Intimate correspondence like this usually doesn't see light until long after a politician is dead and gone, or at least done with politics for good. Thompson apparently believed he had forever traded Washington for Hollywood when he agreed to put his eight years of Senate records, including personal correspondence, in a public archive at the University of Tennessee. The papers, which have gone largely unnoticed, offer an unusual glimpse at his life as a Washington fixture, and clues about how he might lead as a president--hints that might not please conservative voters who are intrigued by him but who know little about him.
Charismatic and down to earth, a baritone with an LBJ-like command of his large frame, Thompson was a natural leader in the Senate. Now some Republicans, underwhelmed with the current lineup of 2008 contenders, have latched onto him as something of a political messiah, a latter-day Ronald Reagan who can lead their party out of the wilderness. In the latest Los Angeles Times/Bloomberg poll, Thompson, who isn't officially running yet, came in a close second behind the current leader, Rudy Giuliani--and beat everyone, including Giuliani, among self-described "religious right" voters. "Fred Thompson is a Southern-fried Reagan," says the Southern Baptist Convention's Richard Land. "He has the same appeal.”
But is he the conservative pillar Republicans hope him to be? So far, the former senator's personal magnetism and his celebrity as a star of "Law & Order" have been the source of the fascination surrounding his possible candidacy. He has avoided the kind of scrutiny his rivals have faced. (And he declined to be interviewed by NEWSWEEK.) But as he prepares to step onstage, and his record in Washington is given a closer look, conservative voters may be disappointed to find that Thompson has been on the other side of some of their most important issues, including abortion and campaign fund-raising.
Thompson built his first Senate campaign, in 1994, on a typical theme: bringing change to Washington. He tried to stay clear of the culture wars, focusing instead on term limits and fiscal discipline. But no Republican running in the South could avoid the inevitable litmus-test question--where did he stand on abortion?
Thompson was more moderate on abortion than most Republican candidates. In his archive, there are several files on Thompson’s campaign strategy on the subject that could roil his 2008 bid. The records include multiple surveys from the Christian Coalition and other groups in which he took positions that could be viewed as supporting abortion rights.
On a 1994 Eagle Forum survey, Thompson said he opposed criminalizing abortion. Two years later, on a Christian Coalition questionnaire, he checked "opposed" to a proposed constitutional amendment protecting the sanctity of human life. He struggled with the question of when life begins. "I do believe that the decision to have an early term abortion is a moral issue and should not be a legal one subject to the dictates of the government," he wrote in a campaign policy statement filed in the archives.

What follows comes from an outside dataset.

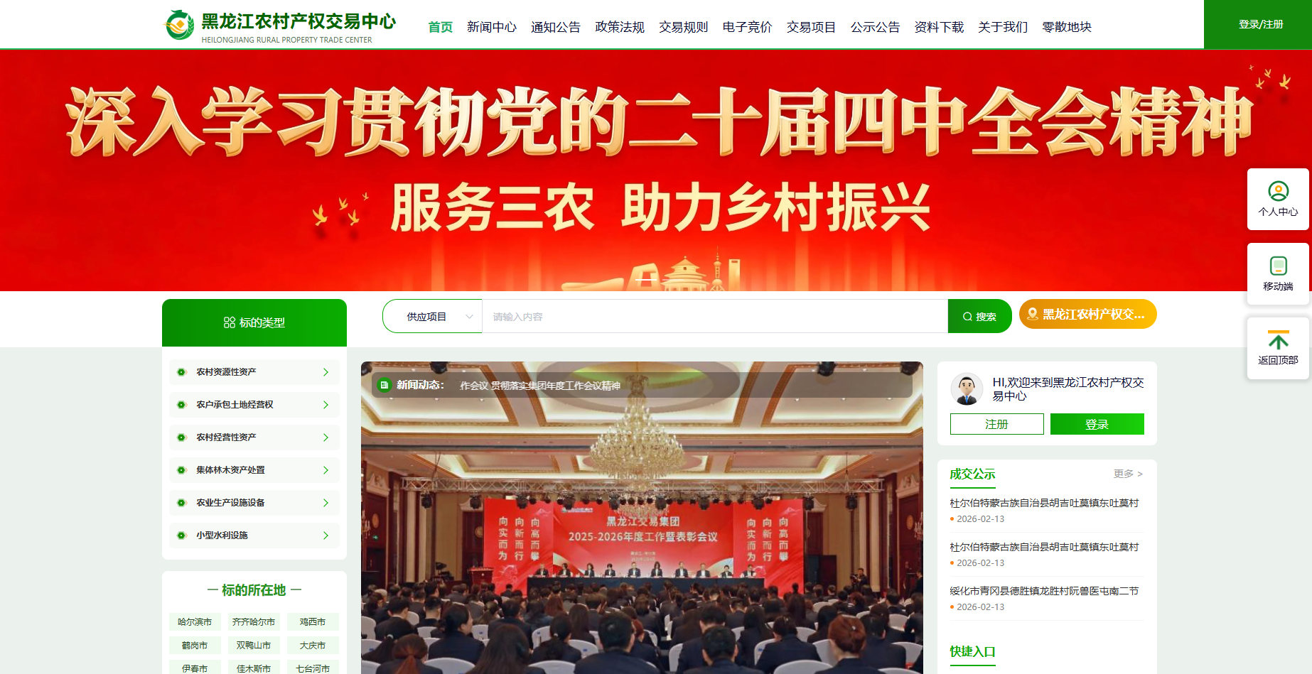 作为我省唯一省级综合农村产权交易服务机构,黑龙江农村产权交易中心(以下简称“农交中心”)始终秉承服务“三农”、助力乡村振兴的使命担当,积极融入全国统一大市场建设,以规范运营、数智赋能、创新实践、区域协同为抓手,为龙江农业农村现代化注入稳健而鲜活的农村产权动能,过去一年以来,农交中心各项工作扎实推进、成效显著。

Stapled to the paper was a January 1994 interview that Thompson gave to the Conservative Spectator, a Tennessee newspaper. Thompson said he was "certainly pro-life." But he told the paper, "I'm not willing to support laws that prohibit early term abortions ... It comes down to whether life begins at conception. I don't know in my own mind if that is the case so I don't feel the law ought to impose that standard on other people." The file also includes a copy of answers provided in 1994 to another newspaper. "The ultimate decision on abortion should be left with the woman and not the government," he answered.

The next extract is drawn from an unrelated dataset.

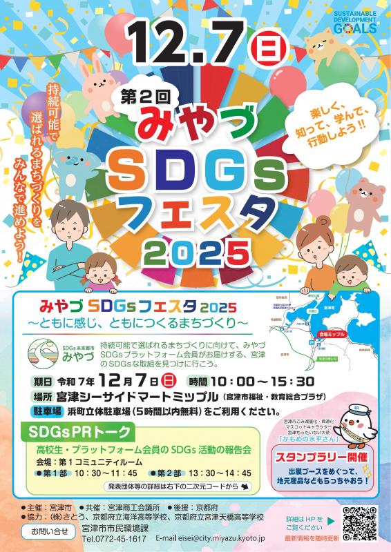 宮津市は、令和5年5月に国のSDGs未来都市として選定を受け、持続可能で選ばれるまちづくりを展開しています。こうした取組をみやづSDGsプラットフォーム会員※の取組を通じて発信し、会員相互の交流・連携も図りながらSDGsの市民理解の促進と行動変容につなげ、SDGsなまちづくりを加速化・充実させることを目的に本イベントを開催します。ぜひ、ご来場いただき、楽しく、知って、学んで、行動しましょう!

But if Thompson was conflicted about the issue, his voting record didn't show it. He joined with conservatives to block federal funding for abortions and supported a partial-birth-abortion ban. National Right to Life, an anti-abortion group, gave him a 100 percent rating. Recently, Thompson has suggested a personal shift on the issue. He told Fox News that he's always been against abortion, but that the issue has "meant a little more" since he saw the sonogram of his 3-year-old daughter. "I'll never feel that same way again," Thompson said. "Not only is it in my head, it's in my heart now.”
That is apparently enough for many GOP activists. Conservatives have mocked Mitt Romney, whose views on abortion have also changed over the years, as a flip-flopper on the issue. But Thompson has escaped that sort of criticism. "He has a good record on core social issues," says Tony Perkins, president of the conservative Family Research Council. "He made those statements before he was in the Senate. Once he was in, he was 100 percent pro-life.”
Thompson has also avoided the conservative backlash that John McCain, his friend and close Senate ally, is now suffering. The Arizona senator hasn't been able to shake a bad reputation with many Republicans for his crusade to limit campaign fund-raising, an effort they despised as government interference. But so far, they have been willing to overlook that Thompson was a strong supporter of McCain's bill. Thompson’s files show that he was closely involved in helping to write the law, and pushed colleagues to sign on. When the bill passed in 2001, its Democratic sponsor, Russ Feingold, sent Thompson a thank-you note. "You were essential to our success," he wrote.
Like McCain, Thompson showed he was willing to buck his party, even if it meant making enemies. In 1997, he was appointed to lead hearings into Democratic fund-raising abuses in the 1996 campaign. It was a starring role for a first-term senator and a nod at his popularity within the GOP. But the warm feelings didn't last. When Thompson broadened his investigation to look into alleged abuses by Republicans, he became an enemy to his party. "Fred was under considerable pressure to turn up and publicize evidence of wrongdoing [by Clinton], but his goal throughout was to be thorough and fair, and that didn't endear him to either side," says Sen. Susan Collins, a friend of his.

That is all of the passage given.